Michael B Allen-4 wrote:
> 
> That won't work since either the socket will close before a response
> is recieved or under load you'll get two authentication requests within
> 500ms.
> 
> You must use preauthentication.
> 
> Mike
> 
> On Wed, 29 Nov 2006 08:55:48 -0500
> "Anoop Prakash" <anoopatul at gmail.com> wrote:
> 
>> Thanks Jonathan,
>> 
>> I tried out changing the soTimeOut to 500 milliseconds abd it seems to be
>> running fine now.
>> 
>> 
>> On 11/28/06, Jonathan Trumbull <jonathan.trumbull at gmail.com> wrote:
>> >
>> > Anoop,
>> >
>> > You probably need to specify a set of domain credentials explicitly
>> > for preauthentication. We usually just setup a service account just
>> > for this.
>> >
>> > see http://jcifs.samba.org/src/docs/ntlmhttpauth.html#signing
>> >
>> > <init-param>
>> >   <param-name>jcifs.smb.client.username</param-name>
>> >   <param-value>SomeServiceAccount</param-value>
>> > </init-param>
>> >
>> > <init-param>
>> >   <param-name>jcifs.smb.client.password</param-name>
>> >   <param-value>SomeServiceAccountPassword</param-value>
>> > </init-param>
>> >
>> > --Jonathan
>> >
>> > On 11/28/06, Anoop Prakash <anoopatul at gmail.com> wrote:
>> > >
>> > >
>> > > Hello  Mike,
>> > >
>> > >
>> > > We got your reference from the jcifs  mailing list. We found  out an
>> > issue in the mailing list that is similar to the problem we are
>> > facing  while accessing our application using the JCIFS NTLM
>> authentication.
>> > When  multiple users try accessing our application concurrently, only
>> one of
>> > the users  will be allowed to log in. The others are shown the NTLM
>> > authentication box  again and again, even though they enter the right
>> > credentials. The  application is a struts based J2EE application and we
>> are
>> > using   JCIFS version 1.2.8. We tried doing the instructions given in
>> the
>> > link -  http://lists.samba.org/archive/jcifs/2006-June/006304.html . 
>> We
>> > are using a domain controller also in this.
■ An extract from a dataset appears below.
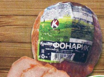
ФОНАРИК КУРИНЫЙ, копчено-вареный, Копченое, 370 г

I am pasting below a part
>> of
>> > the  web.xml for the application.
>> > >
>> > >
>> > >
>> > >  <filter>
>> > >
>> > >               <filter-name>NtlmHttpFilter</filter-name>
>> > >
>> > >               <filter-class>jcifs.http.NtlmHttpFilter</filter-class>
>> > >
>> > >
>> > >
>> > >               <init-param>
>> > >
>> > >                    
>> <param-name>jcifs.http.domainController</param-name>
>> > >
>> > >                     <param-value>CORPDC3</param-value>
>> > >
>> > >               </init-param>
>> > >
>> > >
>> > >
>> > >               <init-param>
>> > >
>> > >                    
>> <param-name>jcifs.smb.lmCompatibility</param-name>
>> > >
>> > >               <param-value>3</param-value>
>> > >
>> > >               </init-param>
>> > >
>> > >  </filter>
>> > >
>> > >
>> > >
>> > > It would be great if you could let us know what could be the
>> > issue.Please let us knowif you need any more details on this.
>> > >
>> > >
>> > >
>> > > Thanks,
>> > >
>> > > Anoop
>> > >
>> > >
>> > >
>> > >
>> > >
>> > >
>> > >
>> > > [jcifs] NTLM Authentication problemMike Streeton mike.streeton at
>> > ardentia.co.uk
>> > > Thu Jun 22 06:51:43 GMT  2006
>> > >
>> > >
>> > >
>> > > Previous message: [jcifs] NTLM Authentication  problem
>> > > Next message: [jcifs] Authenticating Against  Multiple Domain
>> > Controllers
>> > > Messages sorted by: [ date ] [ thread ] [ subject ]  [ author ]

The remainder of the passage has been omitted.